NEW SECTION.  Sec. 1201.  RCW 69.51A.080 (Adoption of rules by the department of health‑-Sixty-day supply for qualifying patients) and 2007 c 371 s 8 are each repealed.

NEW SECTION.  Sec. 1202.  Sections 402 through 411, 413, 601 through 607, 701 through 706, 801 through 803, 901, 1001, and 1101 through 1104 of this act are each added to chapter 69.51A RCW.
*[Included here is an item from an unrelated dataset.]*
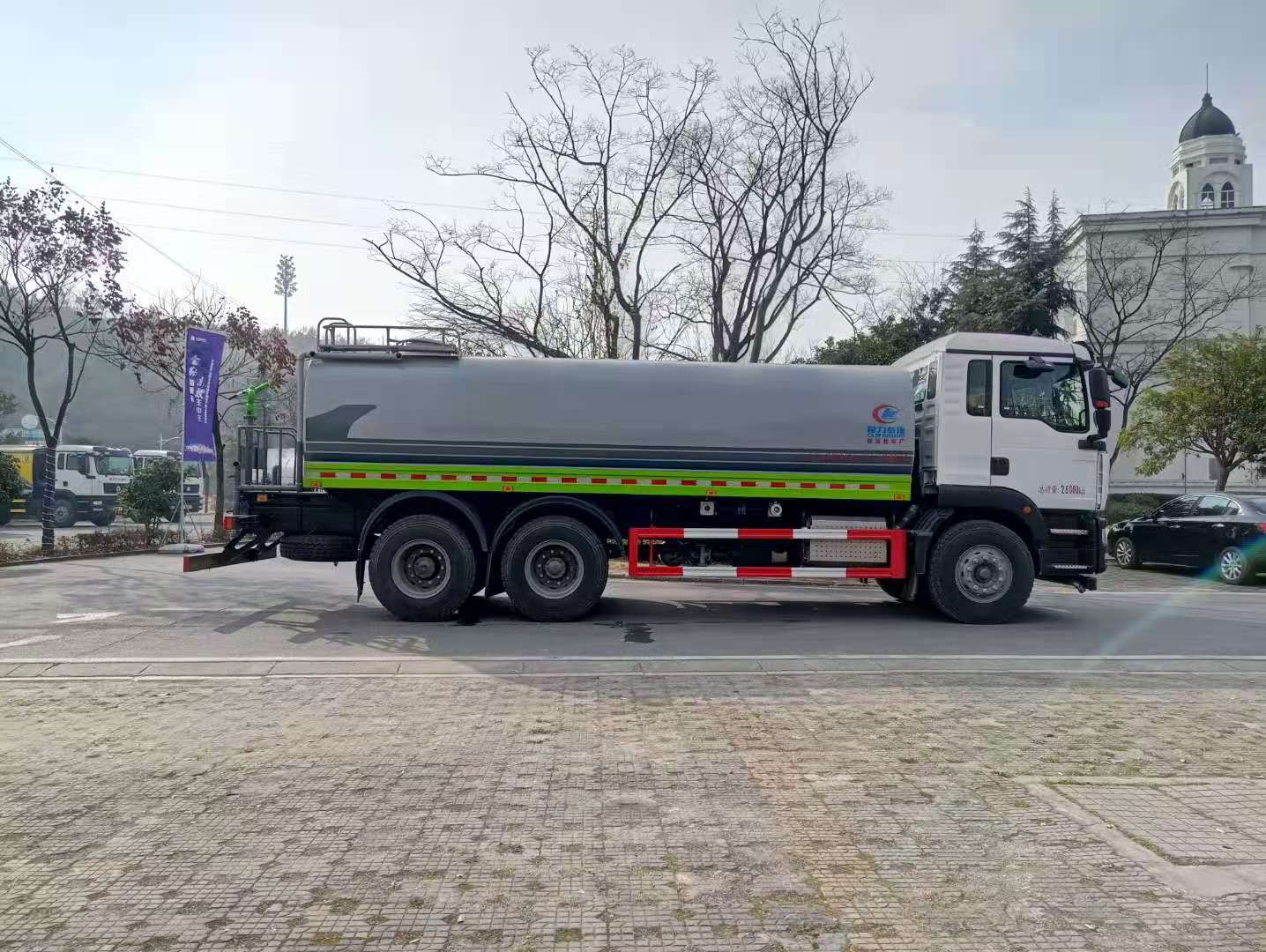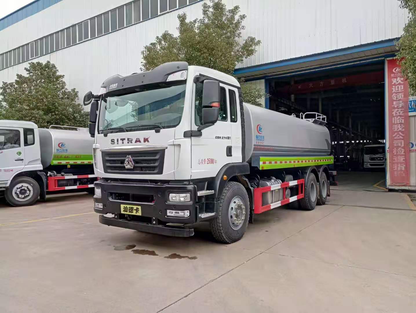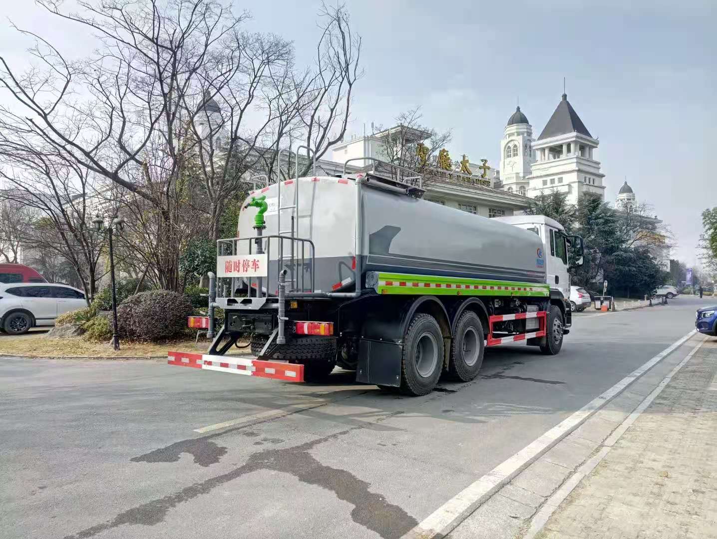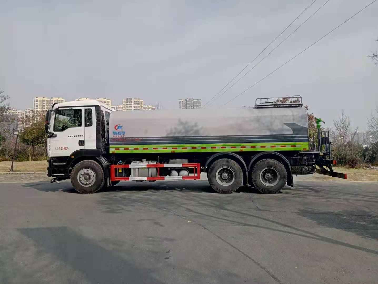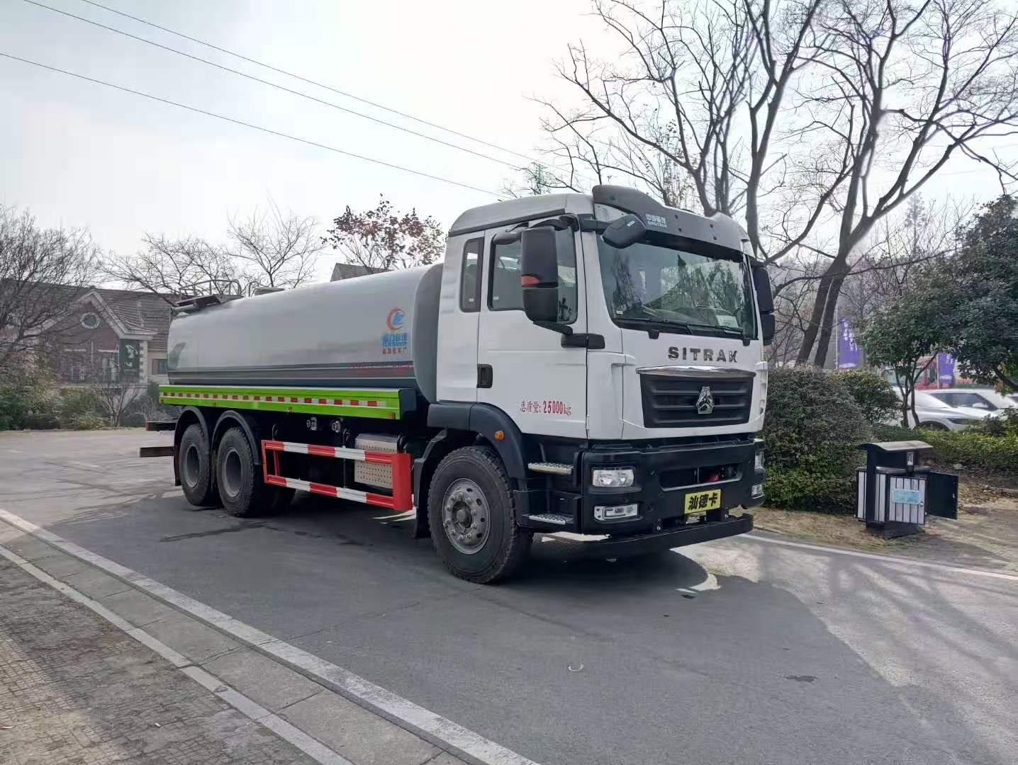 该车采用重汽汕德卡后双桥高端底盘,豪华驾驶室,气囊座椅,9档变速箱,中控锁,电动玻璃,液晶屏,电加热后视镜,多功能方向盘,方向助力,洒水车标配前冲(喷)后洒,洒水宽度18~20米,带侧喷,罐体后带工作平台,平台上安装绿化洒水炮,洒水炮可全方位旋转,射程≥35米,可连续调成直冲状、大雨、小雨、毛毛雨,带安全护栏,配备程力威专用洒水泵,泵可自吸自排,安装过滤网,带消防接口,可通过消防栓进水,带自流阀,具有自吸自排功能,垂直吸≥6米;随车选装20米绿化卷盘,可喷洒农药,罐体金属漆。选装消防泵,射程50米。 洒水车同时具有运水功能,若运饮用水,罐体内需做防腐油漆,洒水车泵可起到吸水和加压排功能,也可不通过泵排水。

NEW SECTION.  Sec. 1203.  Section 1002 of this act takes effect January 1, 2013.

Correct the title."

 

 

 

    EFFECT:   Removes all authority for the Department of Health (DOH) and the Department of Agriculture (DOA) to license producers, processors, and dispensers of cannabis for medical use.  Removes the authority for qualifying patients and designated providers to establish collective gardens and to produce cannabis for medical use privately.

 

Authorizes DOH and DOA to produce, process, and dispense all cannabis for medical use in Washington.  Requires all purchases of cannabis for medical use to be conducted through the DOH operated dispensing facilities.  Directs DOH to establish prices for cannabis for medical use for sale at dispensing facilities at a price that is sufficient to defray the costs to DOH and DOA for administering their production, processing, and dispensing facilities.  Directs DOH and DOA to coordinate the delivery and receipt of supplies of cannabis for medical use and the reimbursement for costs associated for program operations.  Authorizes DOH to acquire property and facilities to dispense cannabis for medical use, including agreements with other public agencies for locating dispensing facilities on their properties.  Authorizes DOA to enter into agreements with the Commissioner of Public Lands to designate state-owned property for the production and processing of cannabis for medical use and to lease those lands.  Authorizes the purchase of private property and facilities if there are inadequate state-owned properties.  Requires the State Auditor's Office to audit and inspect the records of DOH and DOA relating to the production facilities, processing facilities, and dispensing facilities that they operate.

 

Requires qualifying patients and designated providers to maintain receipts of purchases of cannabis for medical use for at least two years.

 

States the Legislature's intent to maintain access to medical cannabis for patients while protecting those who grow, distribute, and consume medical cannabis by establishing a controlled system for conducting these activities.

 

Establishes the Local Public Health and Safety Account which consists of receipts from taxes raised at dispensing facilities. Distributes, based on population, half of the funds to local health jurisdictions for public health purposes and the other half of the funds to counties for law enforcement purposes.